### Brief
Every line from the start of the records through the line with "门厅一路之隔为地下车库入口,两侧的贝特白" is to be written out exactly; pictures are not.

### Records provided
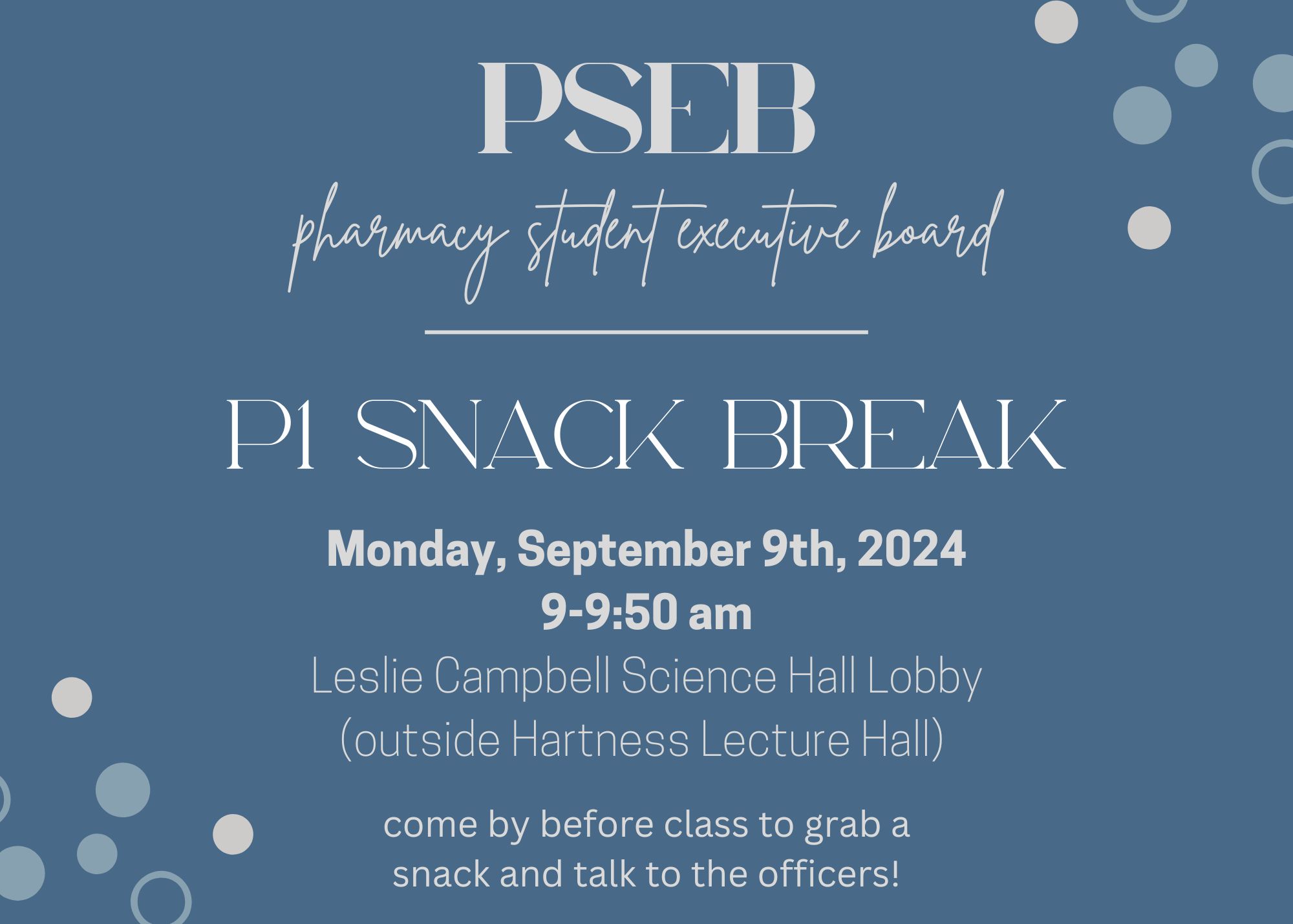 I wanted to remind you of the P1 Snack Break that PSEB is hosting for you
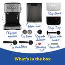 - Box Contents: Espresso Machine Portafilter Portafilter for Pods 2 shot sieve 1 shot sieve Measure/tamper Cleaning tool.
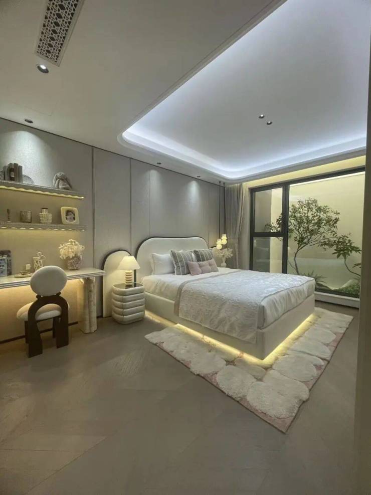 建筑汲取乌达克新古典美学,采用米色石材、白色幻彩铝板,勾勒出典雅高贵的建筑气质,极具辨识度与艺术感。
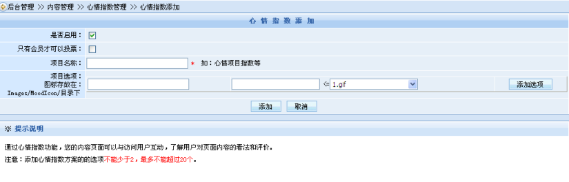 如果用户需要另外使用新的心情图标的话,则可以自行进行添加,只需将相关的表情文件包放至系统文件的Images/MoodIcon/目录下,然后到相关的模板文件进行简单修改即可,非常简单。
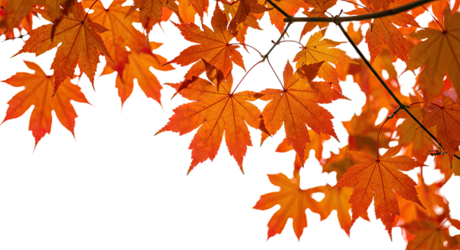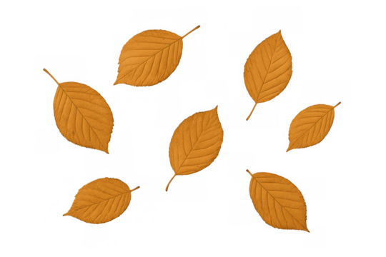 Eight orange autumn leaves falling down on a transparent background, perfect for seasonal designs
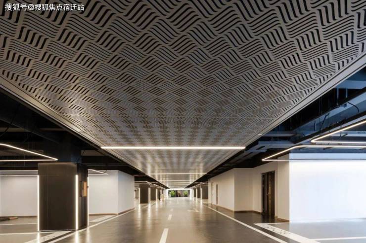 门厅一路之隔为地下车库入口,两侧的贝特白石材与门厅的立柱形成材质呼应。车库内部,顶面大体量雕刻装饰铝板、金色铝板立柱扑面而来,于繁复的意向中不断强化豪宅区的氛围感。
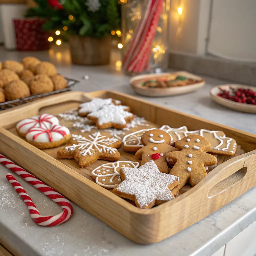 Use a tiered stand (wooden or metal works great) decorated with ribbon and small ornaments. Line each level with festive doilies or parchment cut into snowflake shapes. Arrange cookies by color and size, creating visual harmony that makes people want to grab one… or three.

### Exercise result
 I wanted to remind you of the P1 Snack Break that PSEB is hosting for you
 - Box Contents: Espresso Machine Portafilter Portafilter for Pods 2 shot sieve 1 shot sieve Measure/tamper Cleaning tool.
 建筑汲取乌达克新古典美学,采用米色石材、白色幻彩铝板,勾勒出典雅高贵的建筑气质,极具辨识度与艺术感。
 如果用户需要另外使用新的心情图标的话,则可以自行进行添加,只需将相关的表情文件包放至系统文件的Images/MoodIcon/目录下,然后到相关的模板文件进行简单修改即可,非常简单。
 Eight orange autumn leaves falling down on a transparent background, perfect for seasonal designs
 门厅一路之隔为地下车库入口,两侧的贝特白石材与门厅的立柱形成材质呼应。车库内部,顶面大体量雕刻装饰铝板、金色铝板立柱扑面而来,于繁复的意向中不断强化豪宅区的氛围感。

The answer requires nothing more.